Ce qui est en train de se mettre en place va dans la bonne direction, mais risque de se réduire à un exercice assez bureaucratique consistant à cocher des cases, sans que le processus ait d’influence véritable sur les politiques nationales. Si la procédure l’emporte sur le fond, il sera difficile pour l’UE de s’opposer à un plan. Or les États membres seront peu incités à modifier leur plan d’action préféré, parce que le montant auquel ils ont droit ne dépend pas vraiment de leur comportement. S’ils cochent les bonnes cases, les meilleurs élèves n’obtiendront pas un sou de plus, et les cancres pas un sou de moins.

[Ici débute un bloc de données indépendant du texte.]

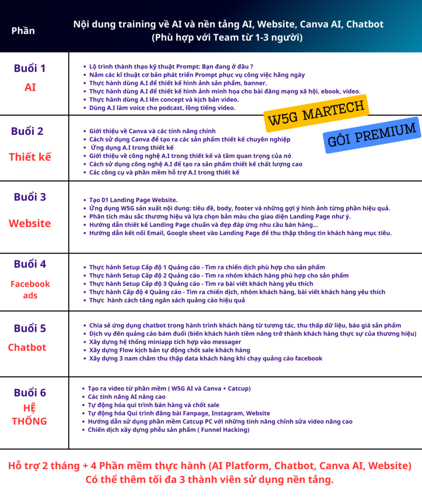 Lưu ý quan trọng: Trong các buổi Training sẽ kèm cặp bạn từng bước thực hành toàn bộ các công cụ A.I và tặng đầy đủ các prompt, Combo phần mềm giúp bạn tăng doanh thu và tối ưu hóa qui trình.
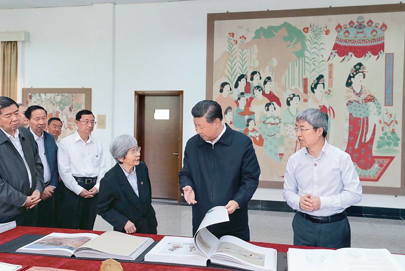 在敦煌研究院同有关专家、学者和文化单位代表座谈时,他对“研究和弘扬敦煌文化”提出具体要求:“要揭示蕴含其中的中华民族的文化精神、文化胸怀和文化自信,为新时代坚持和发展中国特色社会主义提供精神支撑。”
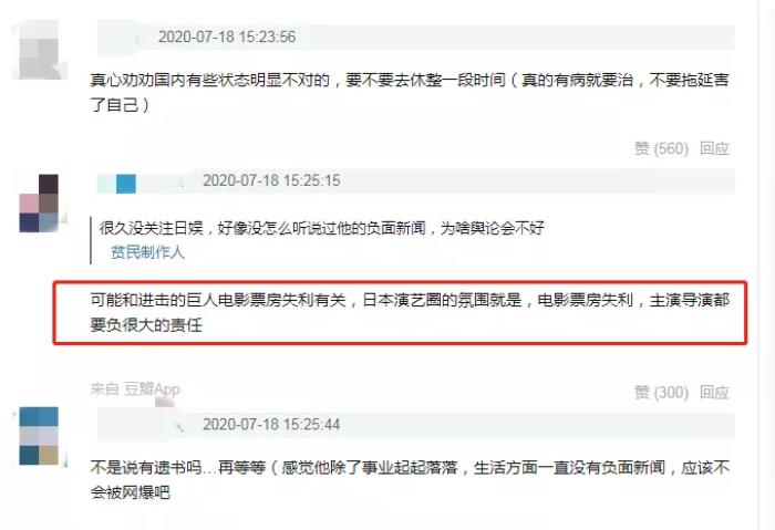 不过三浦春马基本没有什么负面相关,个人形象与口碑一直不错,有网友认为可能跟电影《进击的巨人》票房失利有关,日本演艺圈的氛围是,电影票房失利,主演和导演都要付很大责任,三浦春马因此承受了很大的压力。
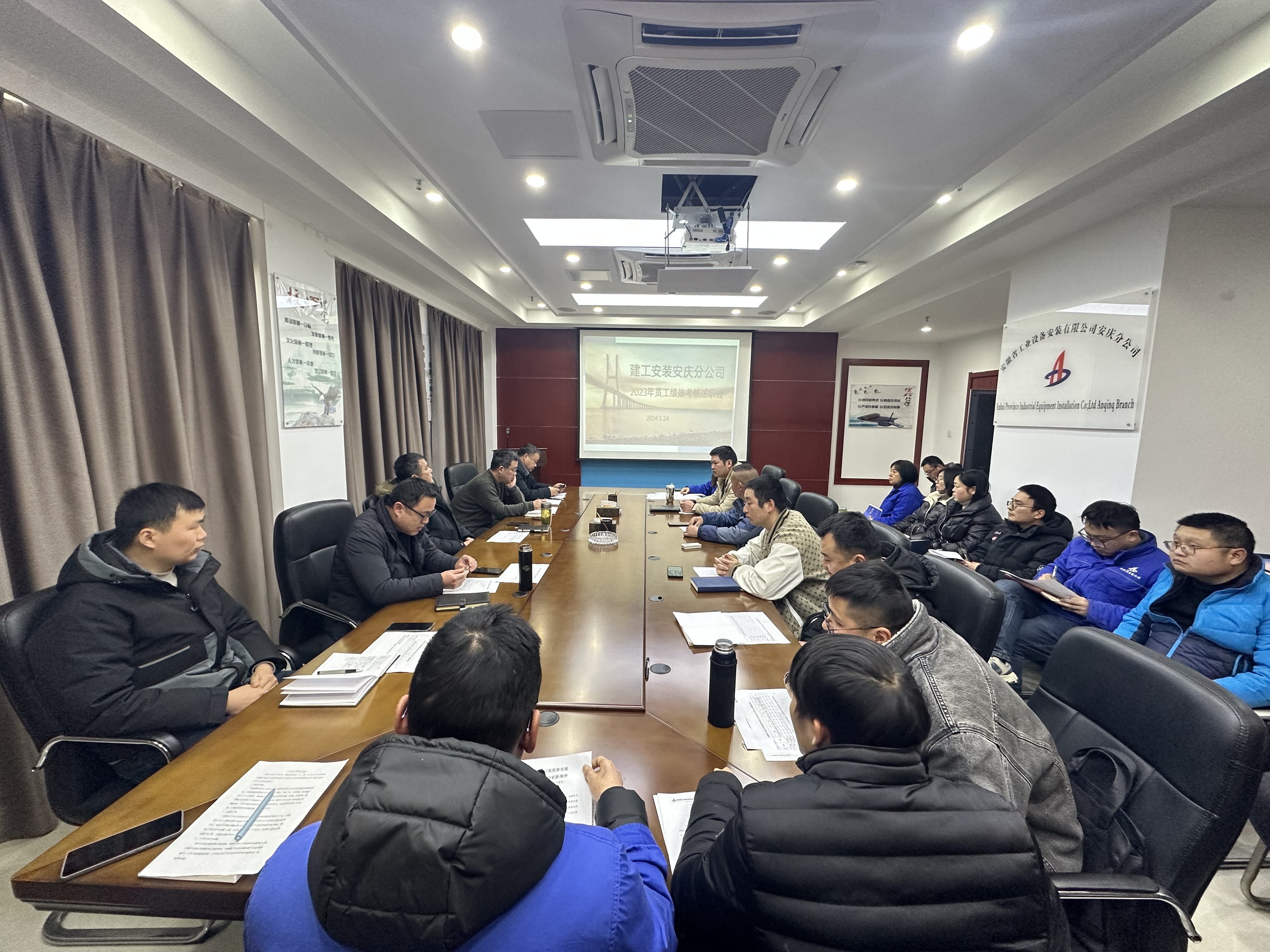為全面總結2023年工作,統一員工思想,激勵員工再接再厲,奮發有為。2024年1月25日,安慶分公司召開了2023年度員工績效考核述職大會,分公司領導班子、全體員工參加會議。
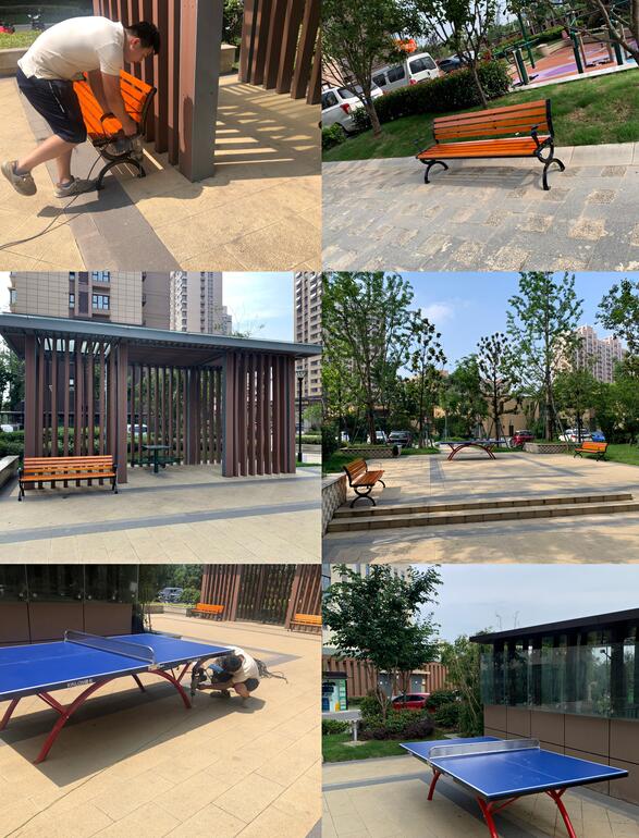 向上社區(qū)安裝乒乓球桌、休閑桌椅 居民休憩更愜意
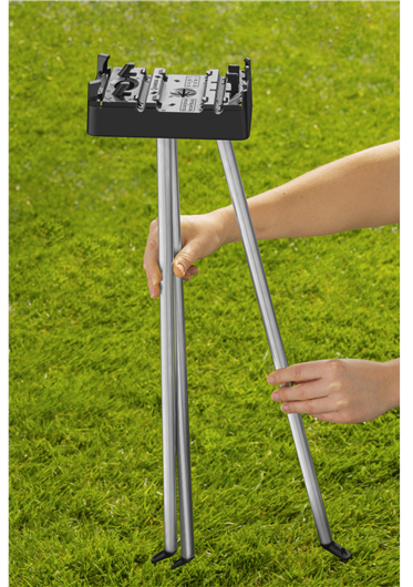 Das GARDENA Regner-Stativ sorgt mithilfe eines stabilen Dreibeins für eine Bewässerung aus einer Höhe von 50 cm.Gleichmäßige Gartenbewässerung von obenMit diesem praktischen Regner-Stativ werden Bodenregner noch flexibler in ihrer Anwendung. Das Stativ verwandelt alle GARDENA Kreis-, Viereck-, Sprüh- und Mehrflächenregner in Hochregner. Damit werden nicht mehr nur Rasenflächen und kleine Pflanzen bewässert, sondern ab sofort auch terrassierte Gärten, höhere Pflanzen sowie Gemüse- oder Blumenbeete gleichmäßig und von weiter oben mit Wasser versorgt. Die Sprühweite des installierten Sprinklers erhöht sich dabei um 0,5 bis 1 m.Werkzeuglose Montage und stabiler StandEgal, welche Art des Rasensprengers aus dem GARDENA Sortiment gewählt wird, der Aufbau verläuft dank der bequemen Steckverbindung denkbar einfach und ganz ohne Werkzeug. Die Platte zeigt an, wo ein bestimmter Regner aufgesteckt wird. Für die platzsparende Aufbewahrung nach dem Gebrauch können die Stativbeine schnell aus- und eingeklappt werden. Die drei in der Lieferung enthaltenen Heringe aus Metall sorgen für Stabilität und Halt in jeder Situation.Für jede Gartengröße gibt es den optimalen SprinklerDas GARDENA Sortiment verfügt über eine große Auswahl mobiler Gartensprinkler, die sich sowohl für kleine als auch große Rasenflächen eignen. In Kombination mit dem Regner-Stativ können beliebige Sprühregner mit einer maximal zu beregnenden Fläche von 100 m² bis zu Flächen- und Kreisregnern, die bis zu 310 m² Rasen bewässern können, ausgewählt werden. Mit Ausnahme der Artikel 1948, 8133 und 8137 lassen sich alle GARDENA Wassersprinkler auf die Erhöhung montieren.Recycelte MaterialienBei der Herstellung der Produkte achtet GARDENA auf eine zukunftsorientierte Auswahl der Materialien. Daher bestehen die im Bewässerungsstativ eingesetzten Kunststoffe zu über 75 % aus recyceltem Plastik, der aus Haushaltsabfällen gewonnen wird.

L’UE est forte lorsqu’elle peut dire non, comme pour la politique de la concurrence. Privée de ce pouvoir, elle aura du mal à faire une différence. La leçon pour la présidente de la Commission, Ursula von der Leyen, est simple : faute d’instruments efficaces pour promouvoir son programme, elle doit être prête à dire la vérité en face aux États membres, et si nécessaire à déclencher des confrontations politiques. Une voie risquée, peut-être, mais préférable à l’inanité.

Jean Pisani-Ferry, chargé de recherche principal au groupe de réflexion Bruegel basé à Bruxelles, chercheur principal non résident au Peterson Institute for International Economics, titulaire de la chaire Tommaso Padoa-Schioppa à l’Institut universitaire européen.